Oumayma et son mari Ibrahim sont respectivement professeure d’arabe et professeur d’anglais ; parmi les invités, on compte des ingénieurs et des médecins. « Nous sommes des gens respectables, tient à préciser Oumayma. Nous avons reçu une bonne éducation. Nous n’attaquons personne. Nous voulons juste mener une bonne vie. »
Les hôtes sont arrivés à 18 h 30. La réception a lieu à l’étage, où un balcon offre une vue à couper le souffle sur le village, Jit, les champs d’oliviers sur les flancs des collines et la ville de Naplouse, à quelques kilomètres.
Une vidéo tournée par Oumayma montre une tablée joyeuse, tous les sourires tournés vers le téléphone portable. Peu après, l’assemblée décide de célébrer ensemble la prière du Maghreb, à 19 h 23 ce jour-là.
Juste avant, Raghad, 22 ans, ingénieure en informatique, va chercher au rez-de-chaussée la carte mémoire de son tout récent mariage avec Nizan, le grand fils d’Oumaymah et Ibrahim.
« Mon frère lisait le Coran à haute voix, reprend Oumayma, avec les mots qui se bousculent dans sa bouche. Depuis le balcon, on a vu des hommes arriver. Ils étaient sept. Ils ont jeté quelque chose sur une voiture, qui a pris feu. »
Au même moment, au rez-de-chaussée, Raghad se met à hurler. Un homme surgit à une fenêtre et la secoue violemment pour entrer.
Des colons viennent de franchir le mur d’enceinte et prennent d’assaut la maison de la famille Al-Sadeh.
Jit est une jolie bourgade aux maisons de pierre ocre et aux jardins plantés de bougainvilliers éclatants, construite sur les flancs d’une colline. Un village tranquille dont les habitant·es vivent dans une inquiétude permanente.
C’est qu’ils ont de bien mauvais voisins, qui ne cessent de les harceler. Jit se situe au cœur d’un réseau de colonies israéliennes parmi les plus radicales de Cisjordanie, établies pour enserrer la grande ville de Naplouse et empêcher son expansion. Elles ont pour noms, entre autres, Kedumim, Elon Moreh, Yitzhar, Itamar, Eli, Havat Gilad. Toutes abritent des sionistes religieux adeptes de la suprématie juive et de la confiscation des terres palestiniennes.

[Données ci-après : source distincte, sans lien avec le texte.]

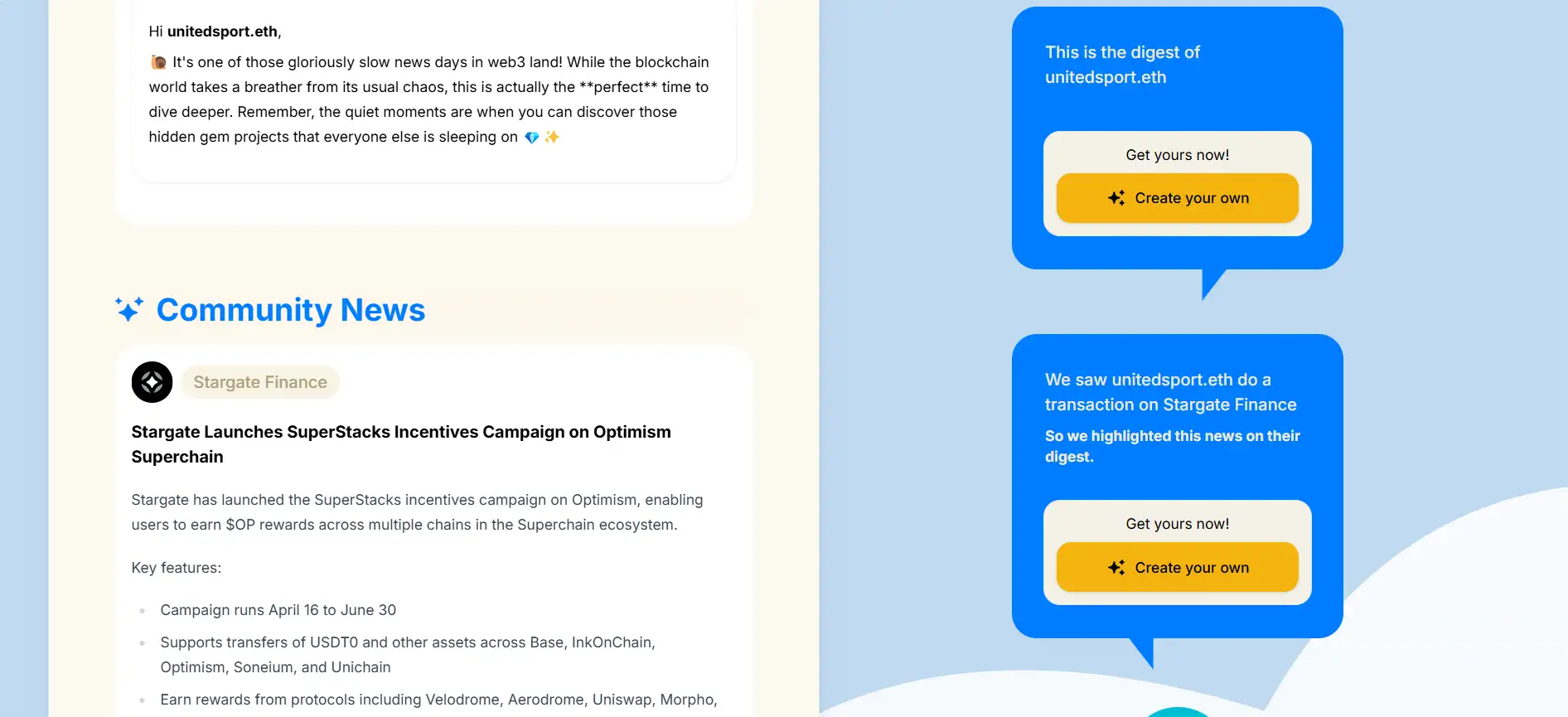 Outposts isn’t just another newsletter—it's a fully personalized Web3 digest based on your on-chain activity. Instead of delivering the same headlines to every reader, Outposts curates content from Discord, Twitter/X, Mirror, Substack, and more, aligned with the projects and communities that match your wallet behavior. This ensures every email contains news that’s actually relevant to your Web3 journey.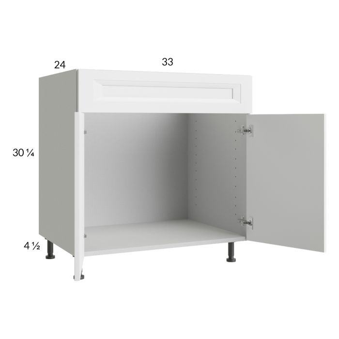 2 door sink base cabinet with 1 false drawer fronts and no shelves.
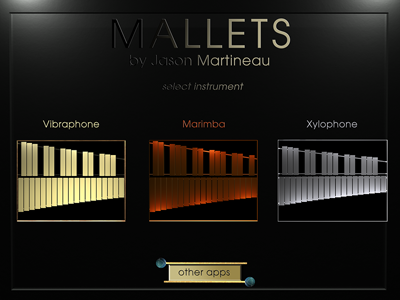 Each instrument has dynamic bars that are color-coded, as well as a pitch overlay grid so you can see the names of the notes. You can play glissandos, chords, melodies, anything you can do with a real-world pitched percussion instrument, with a range of two and a half octaves. All three instruments were created with beautiful 3d graphics and carefully tailored sound samples. The vibraphone also includes a pedal feature, with a sustain and tremolo effect. Learn to play these timeless instruments, and let your fingers be the mallets!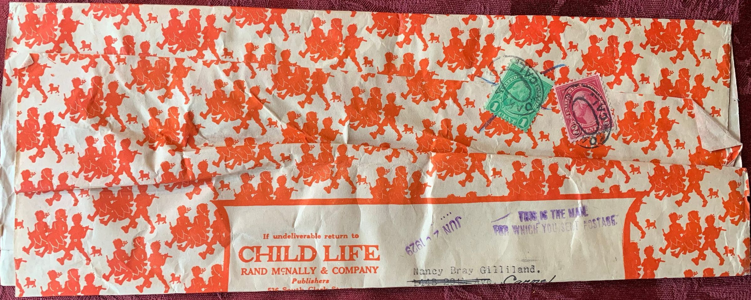Child Life Magazine Envelope 11 with orange children design, "Dec-29."Inscription/Signature/Marks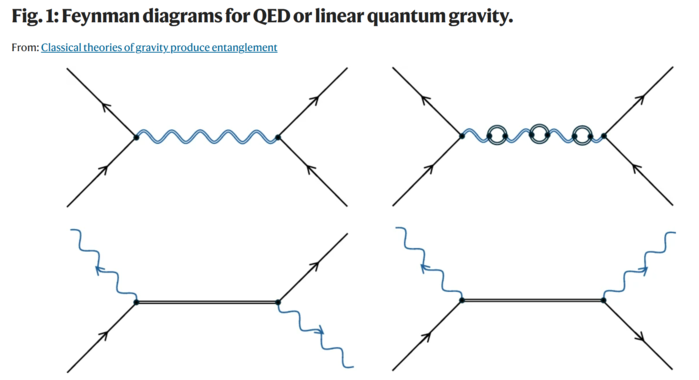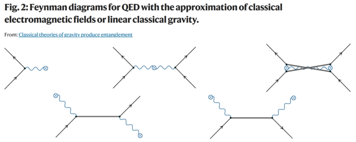 | ▲ 구불구불한 파란색 선은 고전적인 전자기장 또는 중력장 또는 퍼텐셜을 나타낸다. 십자 표시는 이러한 장 또는 퍼텐셜의 고전적 원천을 나타낸다. 그림 1과 같이 검은색 선은 전자, 양전자, 또는 일반적인 물질 또는 반물질 입자를 나타낸다. 시각화의 편의를 위해 화살표가 없는 이중선은 가상 입자를 나타낸다.  (출처: Published: 22 October 2025 / Classical theories of gravity produce entanglement / nature) |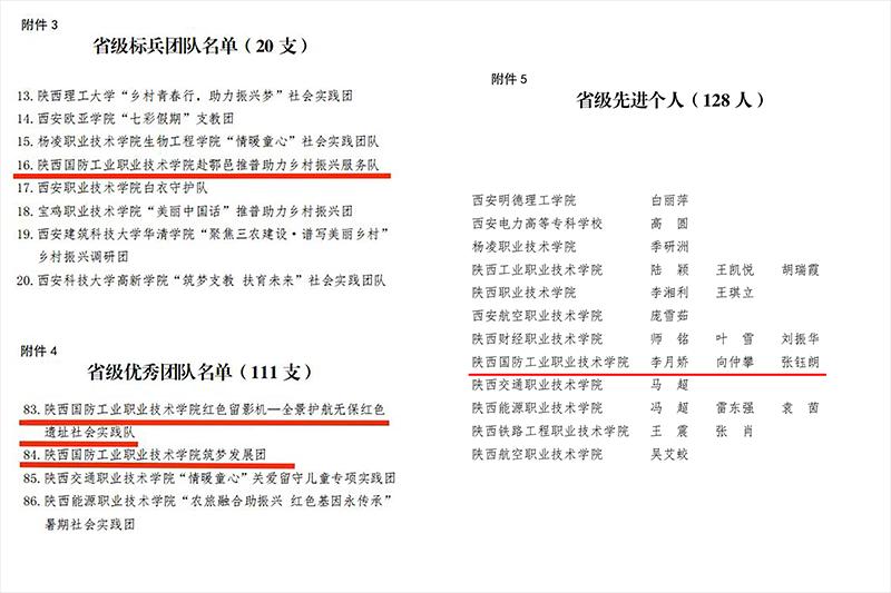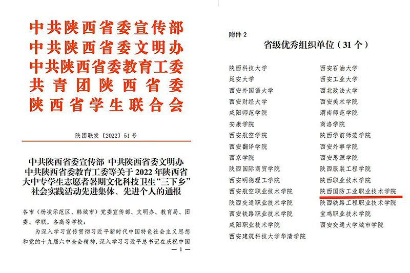 近日,中共陕西省委宣传部、中共陕西省委文明办、中共陕西省委教育工委等下发《关于2022年陕西省大中专学生志愿者暑期文化科技卫生“三下乡”社会实践活动先进集体、先进个人的通报》。我校荣获2022年大学生暑期“三下乡”活动省级“优秀组织单位”,“推普助力乡村振兴服务队”荣获省级“标兵团队”,“红色留影机—全景护航无保红色遗址社会实践队”、“筑梦发展团”荣获省级“优秀团队”,教师李月娇、向仲攀,学生张钰朗荣获荣获省级“先进个人”。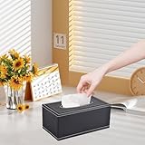 XNONE Leder Taschentücher Box Rechteckig Kosmetiktücher,Taschentuchspender Halter,Taschentücher Boxes Serviette Tissue Box Holder für Kommode Badezimmer Autos Büro Dekor,Schwarz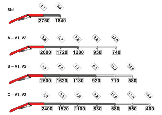 Вказані вильоти стосуються кута нахилу стріли 20° і тому не є максимальними. При використанні механічних подовжувачів стріли навантаження, зазначені на діаграмах, необхідно зменшити на вагу цих подовжувачів.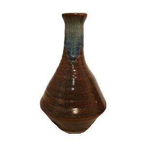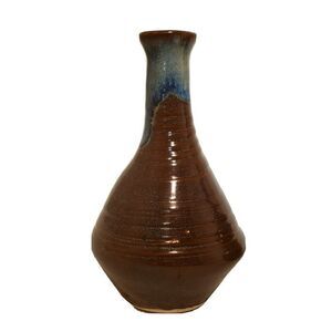 HAND Turned Stamped Small Blue Drip Glaze Ocean Brown Stoneware Pottery Bud Vase

Avec l’arrivée au pouvoir, en décembre 2022, de ministres issus de leurs rangs, et d’autres très favorables à leurs revendications, le harcèlement quotidien s’est mué en violences systématiques : raids, vols de bétail, déprédations de biens, enlèvements, meurtres.
Les colons se sont transformés en gangs miliciens. Forts d’une « neutralité » de l’armée israélienne, attestée par de très nombreux témoignages, voire d’une complicité avec leurs actes, ils se déchaînent contre des bourgades terrifiées. Huwara en février 2023, Turmus Aya en juin de la même année, à chaque fois en représailles planifiées à des attaques visant des colons.
Le 7-Octobre a encore accentué la tendance. Le gouvernement israélien a distribué armes et uniformes militaires à qui en voulait.
Dans un rapport paru le 6 septembre 2024, le think tank International Crisis Group évoque des « saccages sans précédent, au cours desquels des foules de dizaines, voire de centaines de colons ont attaqué des villages palestiniens ».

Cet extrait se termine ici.